[Records from a data collection]
%%
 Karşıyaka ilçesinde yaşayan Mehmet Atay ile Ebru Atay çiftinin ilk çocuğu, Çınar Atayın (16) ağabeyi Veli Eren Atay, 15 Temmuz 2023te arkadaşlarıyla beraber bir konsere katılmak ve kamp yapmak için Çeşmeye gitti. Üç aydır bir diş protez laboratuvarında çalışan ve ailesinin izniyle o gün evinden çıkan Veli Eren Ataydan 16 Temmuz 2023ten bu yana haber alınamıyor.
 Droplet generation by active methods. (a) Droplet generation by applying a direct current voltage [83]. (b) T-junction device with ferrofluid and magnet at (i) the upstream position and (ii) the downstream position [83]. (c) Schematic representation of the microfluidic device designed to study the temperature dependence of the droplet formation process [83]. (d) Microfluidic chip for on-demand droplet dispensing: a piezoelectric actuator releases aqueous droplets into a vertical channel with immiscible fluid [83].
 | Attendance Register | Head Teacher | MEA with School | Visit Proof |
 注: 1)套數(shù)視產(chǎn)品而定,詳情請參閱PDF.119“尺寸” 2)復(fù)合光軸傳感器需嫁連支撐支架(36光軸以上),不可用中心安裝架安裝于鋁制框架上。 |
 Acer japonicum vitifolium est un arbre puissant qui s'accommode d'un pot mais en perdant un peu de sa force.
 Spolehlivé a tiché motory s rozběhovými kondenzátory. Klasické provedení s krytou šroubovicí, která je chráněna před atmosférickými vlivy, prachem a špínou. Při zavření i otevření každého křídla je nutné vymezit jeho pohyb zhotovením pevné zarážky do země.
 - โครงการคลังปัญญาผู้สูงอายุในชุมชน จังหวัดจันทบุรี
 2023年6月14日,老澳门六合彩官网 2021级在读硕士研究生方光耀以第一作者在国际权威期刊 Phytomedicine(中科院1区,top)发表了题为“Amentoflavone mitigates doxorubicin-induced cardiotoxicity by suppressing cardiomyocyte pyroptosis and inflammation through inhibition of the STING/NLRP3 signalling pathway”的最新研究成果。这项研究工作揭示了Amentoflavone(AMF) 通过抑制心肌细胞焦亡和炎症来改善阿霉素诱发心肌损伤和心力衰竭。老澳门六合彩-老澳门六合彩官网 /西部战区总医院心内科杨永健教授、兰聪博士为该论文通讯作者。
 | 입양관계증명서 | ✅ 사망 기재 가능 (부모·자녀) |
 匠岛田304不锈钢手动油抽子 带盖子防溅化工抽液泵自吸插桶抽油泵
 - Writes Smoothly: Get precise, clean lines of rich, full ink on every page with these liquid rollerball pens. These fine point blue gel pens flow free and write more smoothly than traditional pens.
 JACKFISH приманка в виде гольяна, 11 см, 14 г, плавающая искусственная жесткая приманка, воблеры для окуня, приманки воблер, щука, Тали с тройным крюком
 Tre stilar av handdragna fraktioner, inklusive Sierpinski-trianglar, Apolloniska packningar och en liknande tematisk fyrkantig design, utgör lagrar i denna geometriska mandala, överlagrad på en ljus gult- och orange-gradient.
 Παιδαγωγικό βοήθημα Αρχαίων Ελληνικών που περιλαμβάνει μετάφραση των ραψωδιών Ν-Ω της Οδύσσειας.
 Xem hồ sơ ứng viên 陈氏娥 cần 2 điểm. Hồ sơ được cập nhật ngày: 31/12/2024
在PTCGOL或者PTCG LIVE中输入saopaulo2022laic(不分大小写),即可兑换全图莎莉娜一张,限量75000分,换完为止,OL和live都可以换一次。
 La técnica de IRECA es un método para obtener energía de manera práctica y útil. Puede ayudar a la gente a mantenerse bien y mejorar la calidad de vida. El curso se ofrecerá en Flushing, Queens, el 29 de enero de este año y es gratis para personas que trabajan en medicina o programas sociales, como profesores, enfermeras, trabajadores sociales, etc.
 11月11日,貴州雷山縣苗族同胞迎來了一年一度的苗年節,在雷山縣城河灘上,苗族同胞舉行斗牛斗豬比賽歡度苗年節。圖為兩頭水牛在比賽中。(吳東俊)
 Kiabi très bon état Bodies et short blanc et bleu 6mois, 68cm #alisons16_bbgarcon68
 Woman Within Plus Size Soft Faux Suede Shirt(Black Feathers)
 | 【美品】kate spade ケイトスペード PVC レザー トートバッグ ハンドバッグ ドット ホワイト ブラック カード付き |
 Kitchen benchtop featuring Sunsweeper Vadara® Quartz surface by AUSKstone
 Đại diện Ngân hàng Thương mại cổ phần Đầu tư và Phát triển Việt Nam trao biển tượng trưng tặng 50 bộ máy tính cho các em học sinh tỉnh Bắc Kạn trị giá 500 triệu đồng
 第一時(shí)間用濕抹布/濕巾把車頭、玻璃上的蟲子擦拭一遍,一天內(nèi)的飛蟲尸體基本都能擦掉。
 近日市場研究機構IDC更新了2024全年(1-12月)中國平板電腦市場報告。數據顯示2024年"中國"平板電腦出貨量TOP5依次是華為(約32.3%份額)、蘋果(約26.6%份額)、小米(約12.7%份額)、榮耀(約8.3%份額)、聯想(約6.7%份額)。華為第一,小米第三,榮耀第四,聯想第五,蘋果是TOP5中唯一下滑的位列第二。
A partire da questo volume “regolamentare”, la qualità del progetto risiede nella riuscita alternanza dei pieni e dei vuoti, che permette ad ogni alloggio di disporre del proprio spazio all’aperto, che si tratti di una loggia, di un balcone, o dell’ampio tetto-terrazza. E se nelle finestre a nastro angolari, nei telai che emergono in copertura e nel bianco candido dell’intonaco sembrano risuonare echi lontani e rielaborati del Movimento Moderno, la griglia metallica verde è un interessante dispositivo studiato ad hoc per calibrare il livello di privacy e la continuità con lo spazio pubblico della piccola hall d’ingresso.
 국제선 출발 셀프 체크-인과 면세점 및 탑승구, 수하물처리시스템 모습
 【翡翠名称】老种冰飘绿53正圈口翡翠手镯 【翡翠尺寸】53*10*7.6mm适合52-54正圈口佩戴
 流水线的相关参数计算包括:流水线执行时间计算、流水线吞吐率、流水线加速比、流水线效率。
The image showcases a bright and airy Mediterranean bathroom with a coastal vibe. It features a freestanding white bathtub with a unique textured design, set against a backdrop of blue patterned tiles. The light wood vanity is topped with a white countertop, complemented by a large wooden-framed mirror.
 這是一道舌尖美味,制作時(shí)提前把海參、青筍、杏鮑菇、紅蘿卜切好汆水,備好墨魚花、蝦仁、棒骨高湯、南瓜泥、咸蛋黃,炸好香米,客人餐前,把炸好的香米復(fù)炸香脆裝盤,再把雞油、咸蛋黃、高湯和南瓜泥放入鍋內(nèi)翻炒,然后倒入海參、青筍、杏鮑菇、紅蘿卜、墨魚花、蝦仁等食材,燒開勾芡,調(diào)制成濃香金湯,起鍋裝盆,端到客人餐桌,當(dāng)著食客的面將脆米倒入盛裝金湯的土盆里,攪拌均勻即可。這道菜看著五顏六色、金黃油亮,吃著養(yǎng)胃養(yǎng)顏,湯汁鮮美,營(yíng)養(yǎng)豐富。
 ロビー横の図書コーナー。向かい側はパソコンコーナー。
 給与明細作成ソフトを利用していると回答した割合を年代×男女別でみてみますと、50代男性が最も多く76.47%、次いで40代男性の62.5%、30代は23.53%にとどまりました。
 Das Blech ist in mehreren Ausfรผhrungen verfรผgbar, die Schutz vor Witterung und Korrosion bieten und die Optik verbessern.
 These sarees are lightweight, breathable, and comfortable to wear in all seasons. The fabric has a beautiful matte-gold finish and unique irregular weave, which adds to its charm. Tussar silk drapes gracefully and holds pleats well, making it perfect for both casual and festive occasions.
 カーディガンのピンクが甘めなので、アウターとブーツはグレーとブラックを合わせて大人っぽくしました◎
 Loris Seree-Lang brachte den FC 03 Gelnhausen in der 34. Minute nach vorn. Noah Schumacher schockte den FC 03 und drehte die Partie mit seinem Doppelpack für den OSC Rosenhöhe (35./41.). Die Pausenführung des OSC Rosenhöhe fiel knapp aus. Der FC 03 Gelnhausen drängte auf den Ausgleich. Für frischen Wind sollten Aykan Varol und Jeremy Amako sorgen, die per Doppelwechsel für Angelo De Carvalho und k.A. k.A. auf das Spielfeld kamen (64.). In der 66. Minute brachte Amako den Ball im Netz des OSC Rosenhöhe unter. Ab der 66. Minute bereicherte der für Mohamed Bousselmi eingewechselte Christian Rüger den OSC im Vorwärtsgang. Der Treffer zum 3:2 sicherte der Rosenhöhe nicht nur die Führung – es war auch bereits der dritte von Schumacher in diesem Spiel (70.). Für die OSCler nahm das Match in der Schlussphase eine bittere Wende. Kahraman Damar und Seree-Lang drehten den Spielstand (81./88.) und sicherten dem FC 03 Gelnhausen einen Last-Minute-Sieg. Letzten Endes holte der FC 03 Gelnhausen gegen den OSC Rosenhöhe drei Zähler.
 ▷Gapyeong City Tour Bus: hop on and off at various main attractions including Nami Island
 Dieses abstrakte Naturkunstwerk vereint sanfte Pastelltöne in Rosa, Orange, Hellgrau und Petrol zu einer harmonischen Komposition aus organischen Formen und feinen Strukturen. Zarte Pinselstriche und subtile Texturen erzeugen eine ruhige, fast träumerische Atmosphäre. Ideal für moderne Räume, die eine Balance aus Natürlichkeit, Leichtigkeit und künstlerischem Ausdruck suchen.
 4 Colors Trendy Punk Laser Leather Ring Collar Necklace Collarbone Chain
%%
Retype, exactly and in full, the lines above from the one containing "- โครงการคลังปัญญาผู้สูงอายุในชุมชน จังหวัดจันทบุรี" through the one containing "匠岛田304不锈钢手动油抽子 带盖子防溅化工抽液泵自吸插桶抽油泵".

• **Answer to the problem**:
 - โครงการคลังปัญญาผู้สูงอายุในชุมชน จังหวัดจันทบุรี
 2023年6月14日,老澳门六合彩官网 2021级在读硕士研究生方光耀以第一作者在国际权威期刊 Phytomedicine(中科院1区,top)发表了题为“Amentoflavone mitigates doxorubicin-induced cardiotoxicity by suppressing cardiomyocyte pyroptosis and inflammation through inhibition of the STING/NLRP3 signalling pathway”的最新研究成果。这项研究工作揭示了Amentoflavone(AMF) 通过抑制心肌细胞焦亡和炎症来改善阿霉素诱发心肌损伤和心力衰竭。老澳门六合彩-老澳门六合彩官网 /西部战区总医院心内科杨永健教授、兰聪博士为该论文通讯作者。
 | 입양관계증명서 | ✅ 사망 기재 가능 (부모·자녀) |
 匠岛田304不锈钢手动油抽子 带盖子防溅化工抽液泵自吸插桶抽油泵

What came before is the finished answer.